Ну, а когда я понял, что к чему, поехали мы с отцом туда посмотреть. Когда пыль везде осела и видно стало нормально. А там ямища — саженей семьсот поперёк и двести вглубь, не меньше. И в эту ямищу из срезанных водоносных жил бурая вода сочится. Короче, понаехали большие специалисты, один так вообще на аэроплане прилетел; пофотографировали, взяли пробы и свалили. Я с научной работой знаком, сам знаю, пару косточек-камушков найдёшь, полгода можно бумагу марать. Дед налил себе вторую чашку.
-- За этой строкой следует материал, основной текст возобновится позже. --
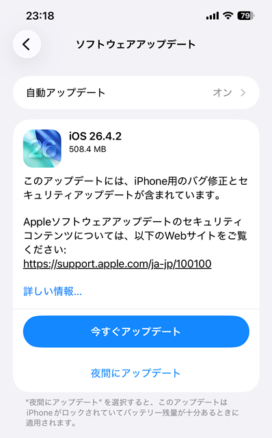 iPhone向けに iOS26.4.2 の配信が始まりました。

— Ямища та заполнилась лет через пять, но не вся, а только до уровня верховодки. Так что метров шесть от края оставалось. Вода так бурая и была, видать, её ключи донные постоянно перемешивали. Ну а ещё лет через десять прилетел один молодой, вроде вас, на бескрылом аэроплане с двумя вертушками сверху. Воды той набрал и года два мы его не видели. Вернулся же он с целой толпой народу, а с ними целое стадо этих вертолётов, и каждый или в брюхе, или в лапах какую-нибудь машину хитрую принёс. Этот деятель-то нам свою задумку и растолковал. Оказывается, тут пласт залегает рудный, богатый, железа в нём мало только не половина. А метеорит этот пласт надломил, и вода стала его потихоньку подмывать. Слово да дело, через год он сюда железную дорогу дотянул и как раз пробную плавку дал. Он ведь как придумал — со дна этот ил рудный насосами качать да и отфильтровывать. Вот тебе, говорит, готовая обогащённая руда, там эта, как её, суспензия железистая. Со временем рабочий люд сюда понаехал, умник этот жилья настроил, все условия создал. И работают люди, куда ни ткни — династия! Ну, сталевары, кузнецы, понятно, это дело святое, а вот потомственный изолировщик, или, тьфу, ассенизатор… Но никак эту ямищу ни на метр не вычерпают. Оно, наверное, тот парень так рассчитал, недаром он два года где-то пропадал. Думательная деятельность, она большого таланта требует. А воду, которая из того железного ила испаряется, он в трубы загнал. Зимой тепло, горячая вода круглый год, теплицы при фабрике. Сейчас там его сын средний дела ведёт, говорят, женился на какой-то дивчине чуть ли не из рода того самого Ганса.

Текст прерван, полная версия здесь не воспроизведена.